I don’t know all that prompted the killer in Orlando. What I have read thus far today is that his ex-wife left him because he was physically abusive, bipolar, with a terrible temper. He was disgusted by LGBT people. He had EASY access to purchase an AR-15 assault rifle. He created his own version of “god” in alignment with other misguided terroristic men who wreak havoc on the lives of innocents, apologizing for it because of their conception of “god” – a conception that is roundly denied by millions of other Muslims. (In the same way that I denounce the Christian faith of a man who shoots people at a Planned Parenthood facility.)

I look at all of that and the various challenges posed and they seem nearly impossible to address. Except one. EASY access to purchase an AR-15 assault rifle.

What stands in the way of eliminating legal access to assault rifles to anyone but law enforcement? What stands in the way of adding previously investigated people with the potential to commit terroristic acts from the “no you can’t buy a gun” list in the same way as they can be added to the “no you can’t board an airplane” list?

The idolatrous, fanatically religious, notion that guns protect us. And it is a fanatically religious notion in that the facts, real numbers, real life experience, simply do not support it.

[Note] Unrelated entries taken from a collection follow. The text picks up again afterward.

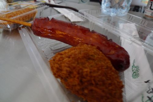Tambien tienen algo de okazu que es la parte del obento sin el arroz, que digamos que es la guarnición. Aquí es mas reguleras, los oniguiris (bolas de arroz) son enormes pero con muy poco relleno, las croquetas de patata son muy normalitas, en plan supermercado y la salchicha un poco artificial, de todos modos conservando siempre precios geniales.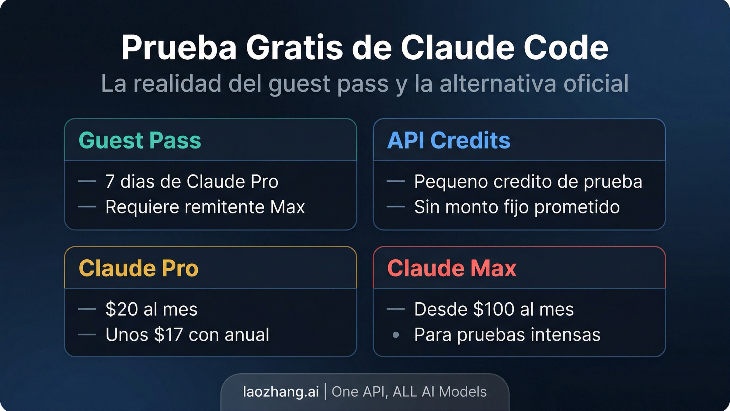 | Guest Pass | Quien puede conseguir invitación | 7 días gratis y luego conversión si no cancelas | Si la experiencia real de Claude Code encaja contigo | Requiere invitación y tarjeta |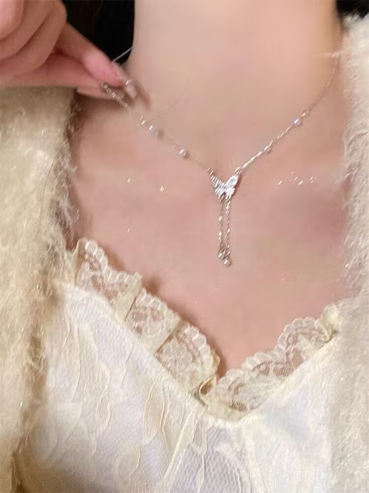 Cross-border New Creative ins Necklace Niche European and American Simple Design Sense Light Luxury Butterfly Pearl Necklace Clavicle Chain

Dr. King said that he couldn’t make a man love him but he could see that laws were passed so that he couldn’t lynch him. That is common sense. That is the purpose of government.

If anything can redeem the insanity of Orlando it is this.

  1. To recognize that marginalized people will always be easy targets for hatred. LBGT, and every other minority community, have long suffered, and will continue to suffer, even as they have striven so long to gain a voice, an identity, and claim their civil rights. No one in that club did a damn thing to deserve what happened and that couple in Miami had every right to kiss in public. That’s what people do in Miami! The problem existed ONLY in the shooter’s mind and his failure to process his own thoughts and feelings.
  2. To enact and enforce common sense federal laws that restrict, reduce, and eliminate the on-going proliferation of weapons of mass destruction in our country. Australia and others have done it. We can too. We have to replace common $en$e with common sense.
  3. Religious communities have to continue to name and reject idolatry within our own ranks. As a Christian, I have to give that the “What would Jesus have me do?” test. That begins for me by looking at what Jesus actually did. He didn’t criticize the religion of the woman at the well although his own faith wouldn’t have allowed him to even have a conversation with her. And yes, Peter had a sword when Jesus was arrested. Jesus told Peter to put the sword away and he healed the ear of the man Peter lashed out at. As a follower of Jesus, I am against civilians using weapons to do violence against others. I am against promoting hate, mistrust, and mischaracterization of other religions.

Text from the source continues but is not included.